- _Work to be completed_
Beginning with the line containing "Minimalist Neckpiece with" and going on through the line containing "in the collection.", the lines below are to be returned exactly, pictures excluded and nothing added.

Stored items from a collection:
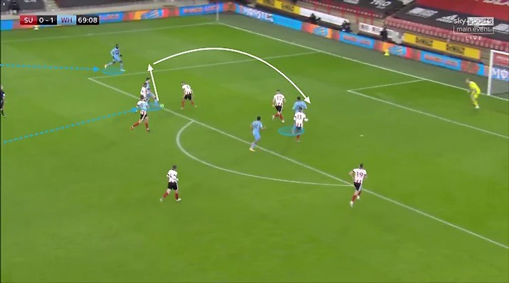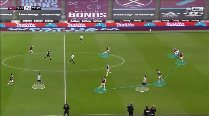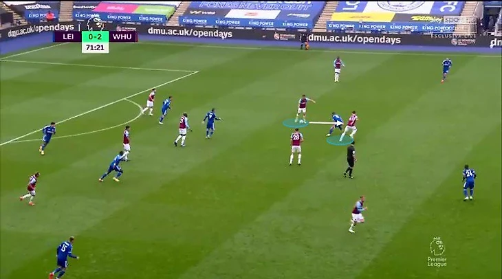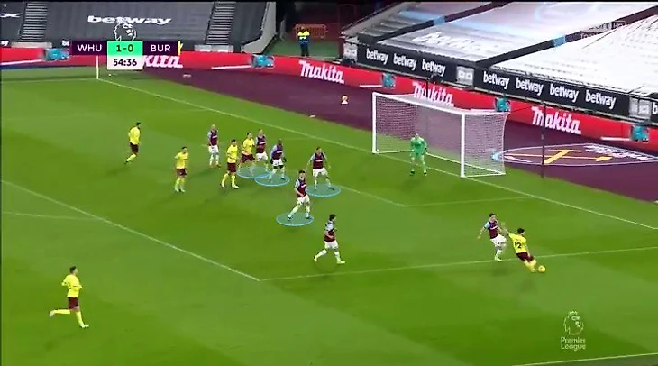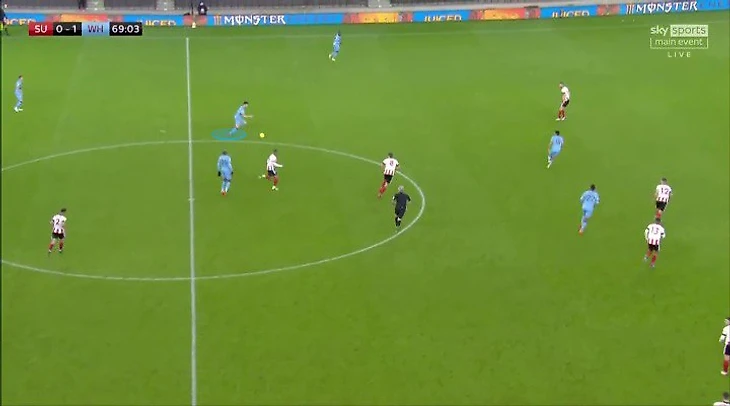Похожая ситуация чуть позже. Райс встречает МакНила, а Соучек вновь становится дополнительным центральным защитником. Но отметим, что в этом случае Макнил заметил открывшегося Барнса, хотя и не смог выполнить точную передачу. Тем не менее, это демонстрирует, что центральные полузащитники «ВХЮ» нацелены на усиление оборонительной линии, пусть это и оставляет дыры на месте их «обычных» позиций. (*самый яркий пример можно увидеть в последнем матче с «Сити». В моменте второго гола в центре не оказалось игрока, который бы закрыл коридор для передачи)
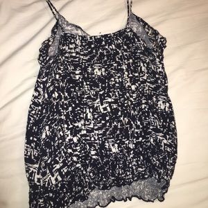 Lola tank top. Sinches at the waist. Dark navy/black with white pattern. Zipper down front. Can easily be worn for a night out! Runs a little small.
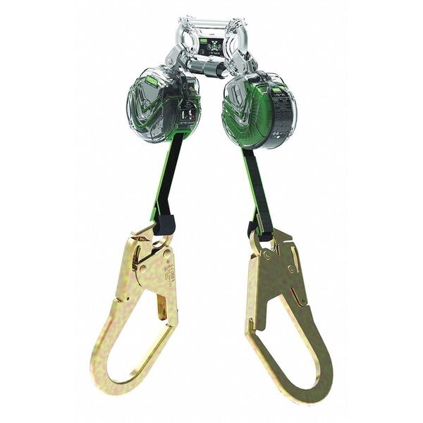 Self-Retracting Lifeline, Sealed No, Anchoring Location Overhead Only, ANSI SRL Type SRL, Anchorage End Connection Material Stainless Steel, Anchorage End Connection Type Snap Hook, Harness End Connection Snap Hook, Harness End Connection Material Stainless Steel, Lifeline Length 6 ft, Lifeline Material Nylon Webbing, Number of Legs 2, RFID Equipped No, Weight Capacity 310 lb, Series V-TEC(TM), Rebar Hook Gate Opening Size 2-1/2 In., Color Clear/Green/Black, Lifeline Width 1/16 In.
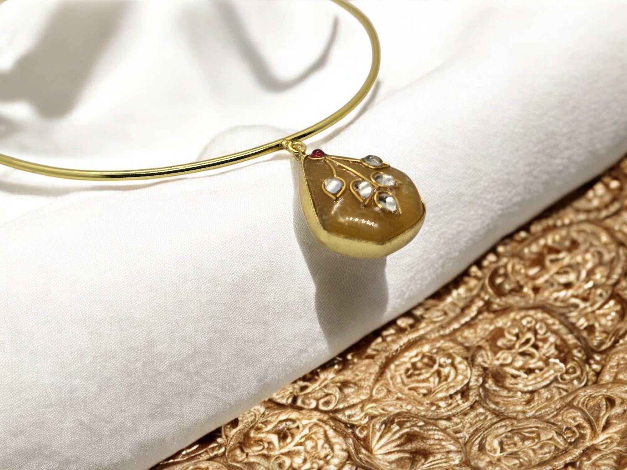 Minimalist Neckpiece with MoP Pendant and Rose Motif
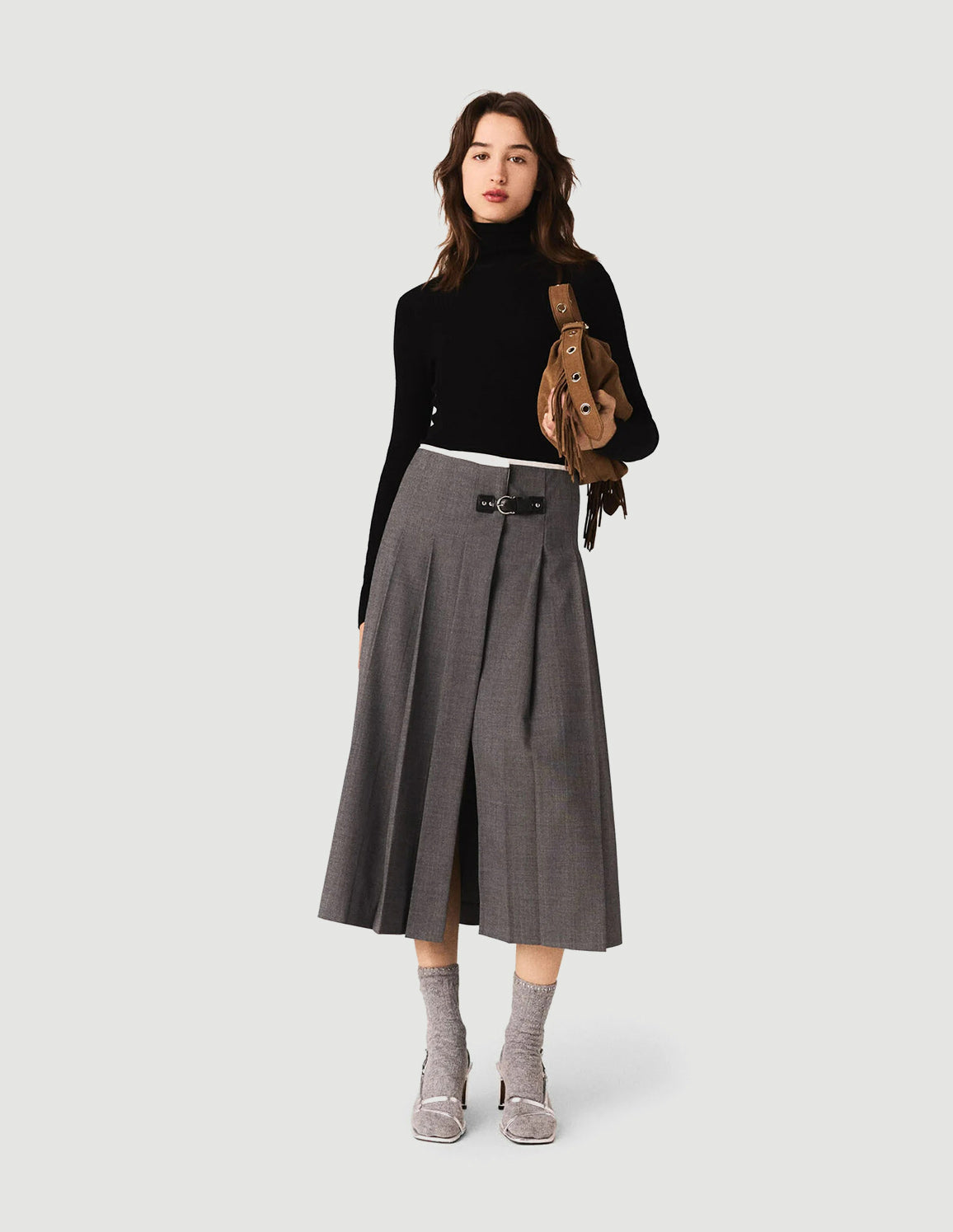 • Structured volume, tailoring details and elaborate finishes: this season, Maje is stylishly reinventing the wardrobe. This long wool skirt subtly plays on layering, and is the key piece in the collection.
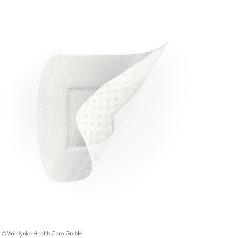 Mepore is a self-adhesive absorbent dressing that has an absorbent wound pad located centrally on a piece of apertured, non-woven polyester fabric coated with a layer of an acrylic adhesive. The wound pad is made of a viscose nonwoven coated with a polyolefin layer to give a smooth surface and render it low-adherent. The polyester backing makes the product permeable and highly flexible, allowing it to conform well to body contours. The dressing is protected by two pieces of overlapping release film which are easy to remove and allows for aseptic application. Mepore is available in a range of sizes and is suitable for many types of lightly exuding superficial or postoperative wounds, particularly those on joints or awkward body contours.
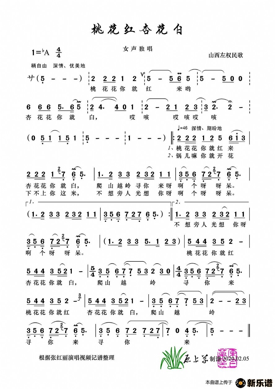 张红丽演唱的桃花红杏花白歌词,桃花红杏花白最新曲谱.
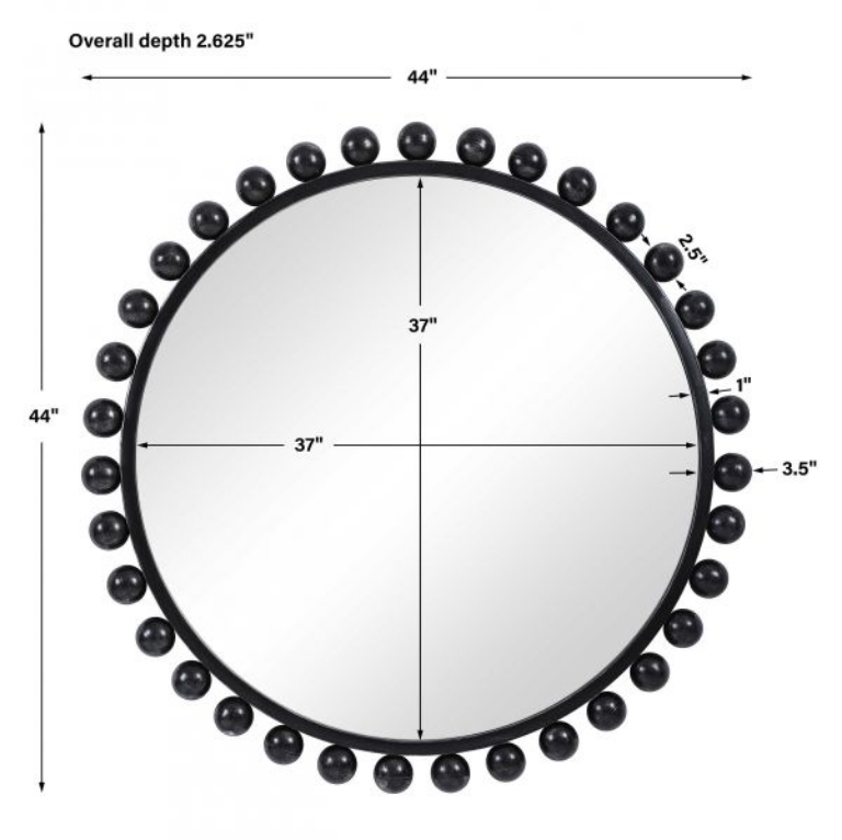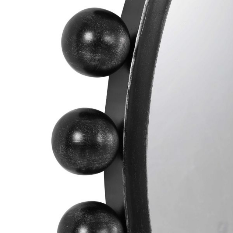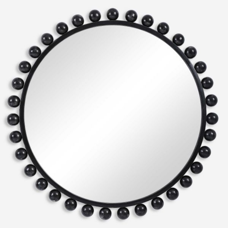 This eye-catching round mirror adds an upscale look and sophisticated style to any room by showcasing smooth iron spheres that embellish a sleek inner frame, finished in a distressed black with subtle silver undertones.

- _Output_
 Minimalist Neckpiece with MoP Pendant and Rose Motif
 • Structured volume, tailoring details and elaborate finishes: this season, Maje is stylishly reinventing the wardrobe. This long wool skirt subtly plays on layering, and is the key piece in the collection.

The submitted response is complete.